Совсем неподалеку послышался звонкий хлопок, больше всего похожий на звук пощечины, и возникла небольшая сумятица. И тут же, ловко спрыгнув с подставок в половину человеческого роста, туда поспешили три распорядителя, враз усмотревшие со своих мест некое нарушение политеса, требовавшее немедленного вмешательства…
Тарик затоптался на месте (пляска дозволяла), глядя поверх плеча Тами. Ага! Ближайшие несколько пар поступили так же, и в центре внимания оказались двое стоявших неподвижно – Бабрат и красоточка Танаделла.

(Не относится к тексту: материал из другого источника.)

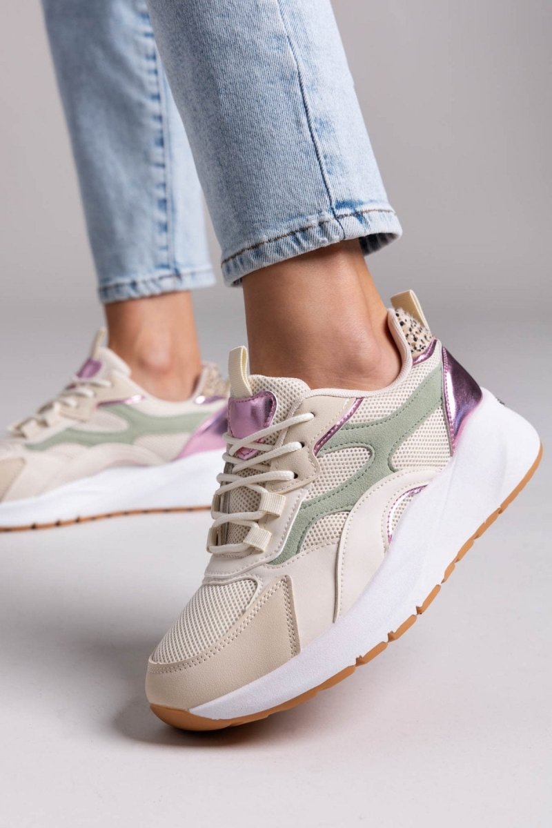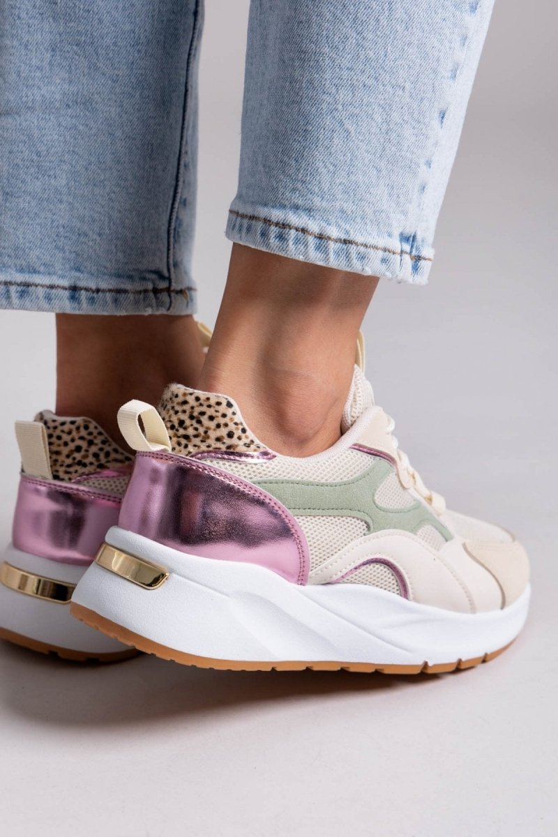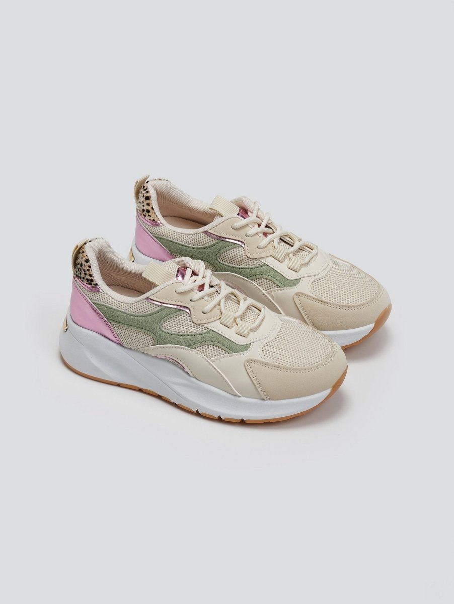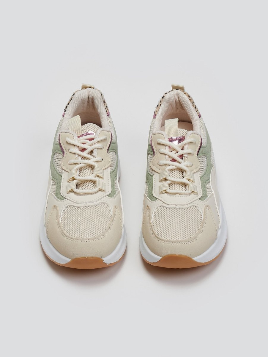 Sneakers chunky με animal print λεπτομέρεια. Συνδυάζουν τεχνόδερμα και ύφασμα.

Она прямо-таки пылала гневом, а Бабрат изображал недоуменное равнодушие, будто это и не его левая щека покраснела от оплеухи.
Перекинувшись с ней лишь парой слов, распорядители сомкнулись вокруг Бабрата и повели его к воротам – двое крепко держали за локти, а третий подталкивал в спину. Ну, дело ясное: новожитель Аксамитной непозволительно распустил руки – из-за обычных при «кободаше» вольностей Танка, даром что гордячка, ни за что не заехала бы сопляснику по физии. Девчонка общительная и неглупая, годовичок Тарика, но пока что не торопится завести себе сахарника. За эту честь давно и безуспешно соперничают три Школяра и двое Подмастерьев, порой сходящихся на кулачки от чужих глаз подальше. Никому еще эти стукалки не помогли, но продолжаются – так исстари принято, не нами заведено, не на нас и кончится…

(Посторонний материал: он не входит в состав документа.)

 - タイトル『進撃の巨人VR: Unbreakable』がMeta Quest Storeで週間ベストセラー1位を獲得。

Тарик злорадно ухмыльнулся: теперь Бабрата до скончания века сюда не допустят. Мало того, вслед ему хмуро смотрят Школяр и Подмастерье из пятерки обожателей Деллы – значит, расскажут остальным трем, и Бабрат, вздумай он нос сунуть на улицу Серебряного Волка, быстренько будет бит не только пятеркой воздыхателей, но и всеми остальными, такие новости быстро разносятся. Оскорблять наших девчонок никому не дозволено, тут вам не Плясовая на Кружевной, куда – все знают! – приносят под полой водку и вино, а девки приходят такие, что нисколечко не протестуют, когда их надолго прижимают к себе, грабастая не за талию, а пониже…
– Ну как тебе у нас? – спросил Тарик, когда они во время короткого перерыва меж плясками отошли к скамейкам.

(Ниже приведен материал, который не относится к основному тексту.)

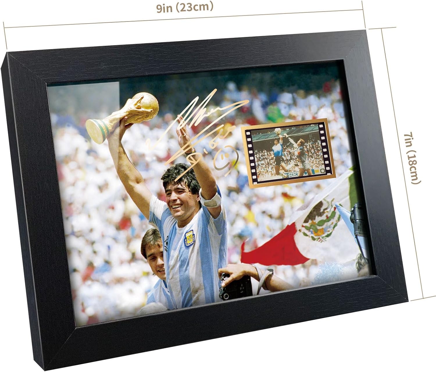 GREAT MARADONA GIFTS: This cool Maradona film photo collage has a gold stamping signature printed on it;It is packed in an exquisite box,great memorabilia gift for soccer Maradona fans on birthdays,Graduation,Thanksgiving,Christmas,New Year,Mother’s Day,Father’s Day,and other holidays;Note: the signature not the original handwritten

Мог бы и не спрашивать: Тами разрумянилась, лучилась беззаботным весельем, стала невыносимо очаровательной и бесовски желанной – аж зубы сводило от лютой нежности. Ни одна девчонка прежде такого наплыва чувств не вызывала, как эта сиреневоглазая гаральянка…
– Превосходно, слов нет! Это надолго? – спросила она с надеждой.
– Еще часа на четыре, – обрадовал ее Тарик. – Большие перерывы будут, разносчики всякую вкусноту принесут, даже мороженое. Фонарики зажгут с сумерками…
Глазищи Тами сияли. До того, как сюда прийти, Тарик исходил нетерпением, в сотый раз повторяя про себя ее обещания касаемо сегодняшней ночи, но теперь – вот чудо! – желал, чтобы пляски затянулись до утра: несказанное удовольствие видеть Тами такой, совсем близко ее глаза и губы, витает аромат незнакомых духовитых вод и юного свежего тела…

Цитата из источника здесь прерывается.